**Work task:** Your output must be the lines below from the line containing "Yan Gergi Pimi" to the line containing "Comparsas y festival", both lines included, reproduced exactly and without pictures.

**Data for this exercise:**
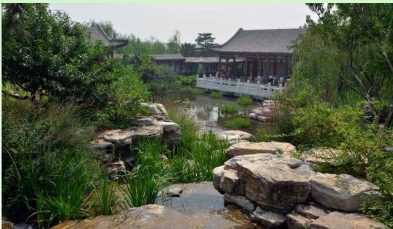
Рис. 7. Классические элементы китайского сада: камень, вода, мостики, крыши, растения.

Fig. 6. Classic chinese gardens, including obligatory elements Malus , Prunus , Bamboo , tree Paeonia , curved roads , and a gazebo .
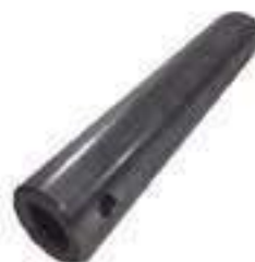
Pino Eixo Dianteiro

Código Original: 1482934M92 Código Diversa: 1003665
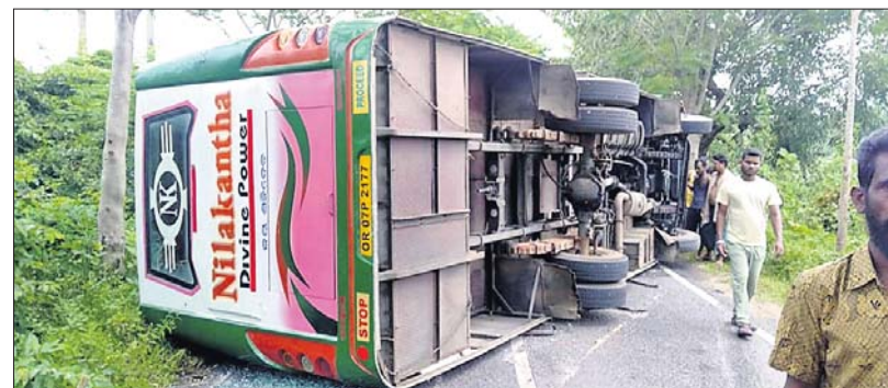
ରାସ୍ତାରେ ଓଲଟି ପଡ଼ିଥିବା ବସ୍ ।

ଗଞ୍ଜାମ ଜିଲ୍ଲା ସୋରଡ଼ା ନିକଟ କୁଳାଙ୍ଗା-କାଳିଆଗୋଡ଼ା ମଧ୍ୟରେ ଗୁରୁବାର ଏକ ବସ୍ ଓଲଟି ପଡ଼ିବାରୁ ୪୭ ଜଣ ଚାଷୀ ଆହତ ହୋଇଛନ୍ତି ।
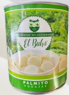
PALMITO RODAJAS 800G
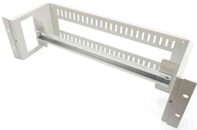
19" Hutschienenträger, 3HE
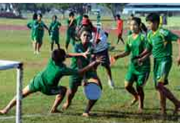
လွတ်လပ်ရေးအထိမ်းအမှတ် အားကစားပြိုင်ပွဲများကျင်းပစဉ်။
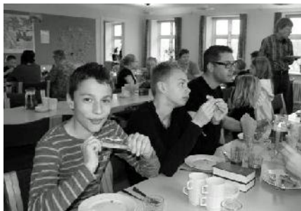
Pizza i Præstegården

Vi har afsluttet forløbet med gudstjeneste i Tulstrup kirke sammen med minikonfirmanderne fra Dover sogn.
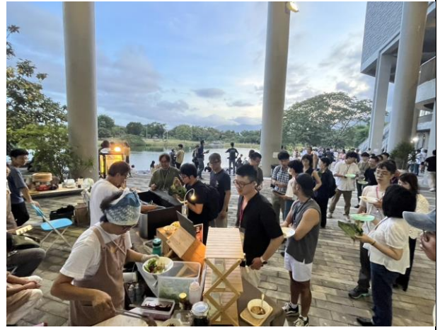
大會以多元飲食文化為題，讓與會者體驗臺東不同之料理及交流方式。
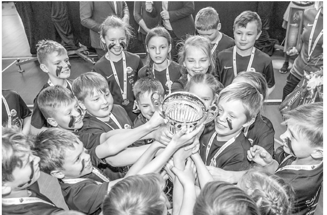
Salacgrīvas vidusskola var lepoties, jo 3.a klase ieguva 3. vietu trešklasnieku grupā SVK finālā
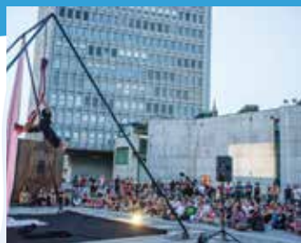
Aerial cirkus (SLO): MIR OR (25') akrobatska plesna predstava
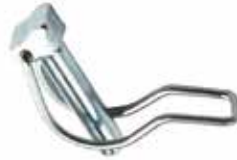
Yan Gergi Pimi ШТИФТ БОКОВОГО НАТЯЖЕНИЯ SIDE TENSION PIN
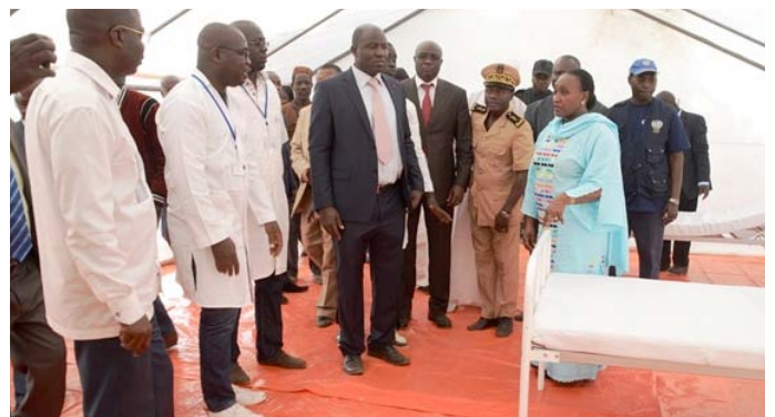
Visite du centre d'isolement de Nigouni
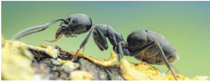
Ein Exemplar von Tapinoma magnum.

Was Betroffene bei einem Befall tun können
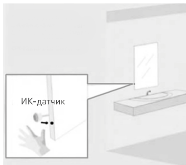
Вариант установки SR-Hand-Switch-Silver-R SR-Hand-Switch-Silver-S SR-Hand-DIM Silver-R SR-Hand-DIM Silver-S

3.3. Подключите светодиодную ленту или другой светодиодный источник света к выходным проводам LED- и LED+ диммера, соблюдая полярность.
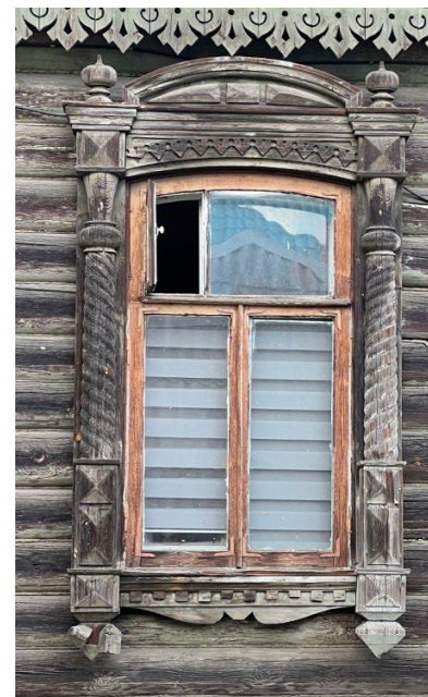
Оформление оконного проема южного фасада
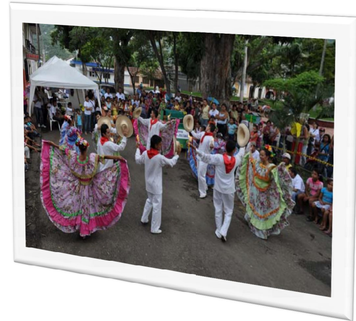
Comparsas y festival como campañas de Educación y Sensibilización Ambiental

...

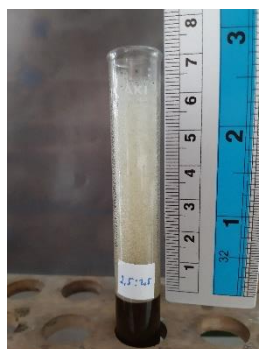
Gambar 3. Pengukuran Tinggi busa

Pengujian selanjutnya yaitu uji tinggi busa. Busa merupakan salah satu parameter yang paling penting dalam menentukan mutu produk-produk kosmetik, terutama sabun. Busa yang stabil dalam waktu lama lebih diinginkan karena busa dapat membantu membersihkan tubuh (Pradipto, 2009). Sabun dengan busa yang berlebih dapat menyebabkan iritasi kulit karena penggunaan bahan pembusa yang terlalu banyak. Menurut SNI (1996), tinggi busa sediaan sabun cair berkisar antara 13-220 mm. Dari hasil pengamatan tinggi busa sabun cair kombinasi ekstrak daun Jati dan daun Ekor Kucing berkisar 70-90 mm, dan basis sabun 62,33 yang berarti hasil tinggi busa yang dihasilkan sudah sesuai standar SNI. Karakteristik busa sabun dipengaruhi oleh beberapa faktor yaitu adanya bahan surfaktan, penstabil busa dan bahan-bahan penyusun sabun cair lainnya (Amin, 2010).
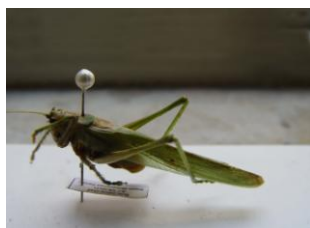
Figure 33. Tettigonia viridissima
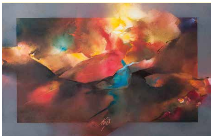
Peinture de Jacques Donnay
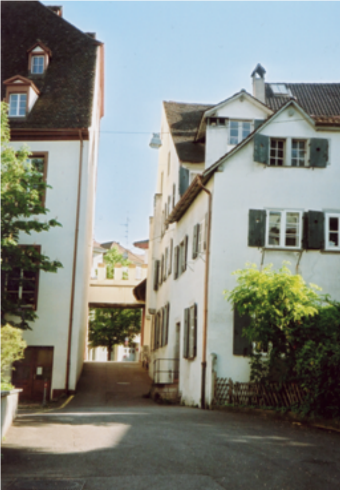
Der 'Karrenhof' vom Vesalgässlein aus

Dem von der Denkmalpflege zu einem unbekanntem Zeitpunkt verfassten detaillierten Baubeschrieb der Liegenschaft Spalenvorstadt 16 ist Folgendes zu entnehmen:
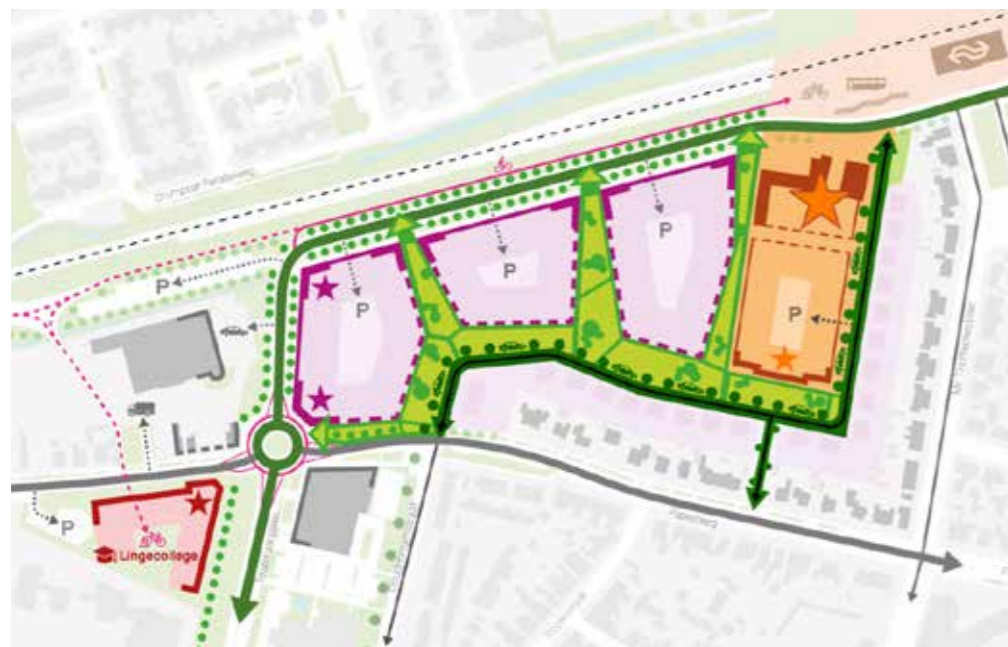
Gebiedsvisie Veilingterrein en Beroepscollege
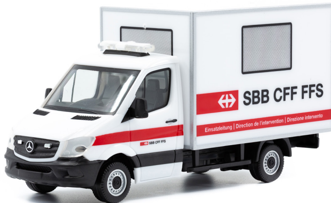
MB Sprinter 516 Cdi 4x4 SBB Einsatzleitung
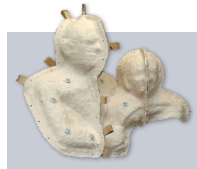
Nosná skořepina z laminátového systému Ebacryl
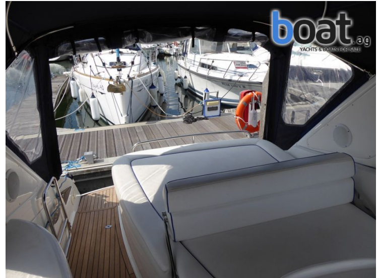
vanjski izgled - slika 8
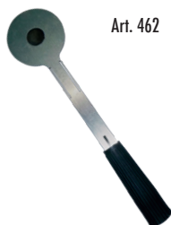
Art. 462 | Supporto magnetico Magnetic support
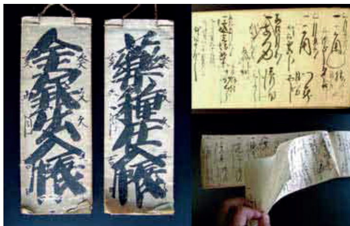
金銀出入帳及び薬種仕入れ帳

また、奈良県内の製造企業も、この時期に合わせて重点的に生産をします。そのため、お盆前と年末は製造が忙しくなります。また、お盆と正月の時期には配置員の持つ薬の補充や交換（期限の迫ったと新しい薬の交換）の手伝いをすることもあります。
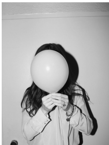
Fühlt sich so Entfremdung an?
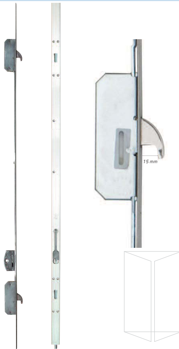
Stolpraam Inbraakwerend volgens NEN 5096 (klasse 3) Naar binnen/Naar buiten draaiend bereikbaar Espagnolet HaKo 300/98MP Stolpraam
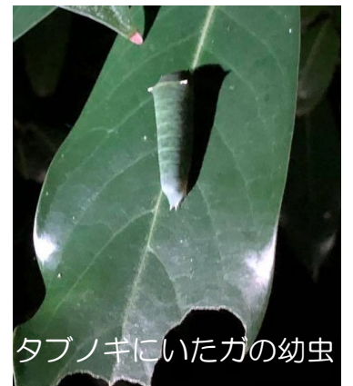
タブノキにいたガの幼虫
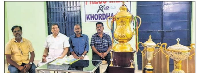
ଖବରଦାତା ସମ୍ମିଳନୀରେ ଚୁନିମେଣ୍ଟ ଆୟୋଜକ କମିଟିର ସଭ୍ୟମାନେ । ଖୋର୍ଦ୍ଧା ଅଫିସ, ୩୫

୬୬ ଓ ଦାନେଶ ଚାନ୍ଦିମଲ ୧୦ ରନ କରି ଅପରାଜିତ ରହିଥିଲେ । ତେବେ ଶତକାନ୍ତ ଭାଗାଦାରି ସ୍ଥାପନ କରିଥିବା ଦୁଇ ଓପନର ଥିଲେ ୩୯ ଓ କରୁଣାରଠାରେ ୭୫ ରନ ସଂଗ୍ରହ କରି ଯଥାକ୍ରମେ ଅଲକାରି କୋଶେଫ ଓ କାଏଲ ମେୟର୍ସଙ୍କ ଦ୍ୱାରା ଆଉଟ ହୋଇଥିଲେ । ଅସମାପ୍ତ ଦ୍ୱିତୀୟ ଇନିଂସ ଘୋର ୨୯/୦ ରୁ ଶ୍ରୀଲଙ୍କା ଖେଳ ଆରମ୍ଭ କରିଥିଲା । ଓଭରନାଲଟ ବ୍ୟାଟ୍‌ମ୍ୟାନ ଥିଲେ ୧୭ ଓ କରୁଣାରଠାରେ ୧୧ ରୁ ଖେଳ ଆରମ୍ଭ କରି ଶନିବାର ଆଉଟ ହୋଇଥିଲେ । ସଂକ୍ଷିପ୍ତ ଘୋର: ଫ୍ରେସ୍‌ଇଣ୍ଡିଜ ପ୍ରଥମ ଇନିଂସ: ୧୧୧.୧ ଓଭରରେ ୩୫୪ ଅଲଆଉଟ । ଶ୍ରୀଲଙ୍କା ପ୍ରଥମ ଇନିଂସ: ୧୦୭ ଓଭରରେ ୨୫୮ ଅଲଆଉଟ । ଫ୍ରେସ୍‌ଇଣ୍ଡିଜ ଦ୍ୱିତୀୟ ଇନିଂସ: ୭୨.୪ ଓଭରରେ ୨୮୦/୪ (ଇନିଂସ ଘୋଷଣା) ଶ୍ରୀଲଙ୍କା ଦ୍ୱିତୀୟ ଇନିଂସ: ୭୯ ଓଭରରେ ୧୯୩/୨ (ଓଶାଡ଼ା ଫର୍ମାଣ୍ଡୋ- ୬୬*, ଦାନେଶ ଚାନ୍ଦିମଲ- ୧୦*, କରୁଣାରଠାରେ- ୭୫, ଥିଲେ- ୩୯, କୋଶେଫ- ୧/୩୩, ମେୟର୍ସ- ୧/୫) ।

**Answer to the problem:**
Yan Gergi Pimi ШТИФТ БОКОВОГО НАТЯЖЕНИЯ SIDE TENSION PIN
Visite du centre d'isolement de Nigouni
Ein Exemplar von Tapinoma magnum.

Was Betroffene bei einem Befall tun können
Вариант установки SR-Hand-Switch-Silver-R SR-Hand-Switch-Silver-S SR-Hand-DIM Silver-R SR-Hand-DIM Silver-S

3.3. Подключите светодиодную ленту или другой светодиодный источник света к выходным проводам LED- и LED+ диммера, соблюдая полярность.
Оформление оконного проема южного фасада
Comparsas y festival como campañas de Educación y Sensibilización Ambiental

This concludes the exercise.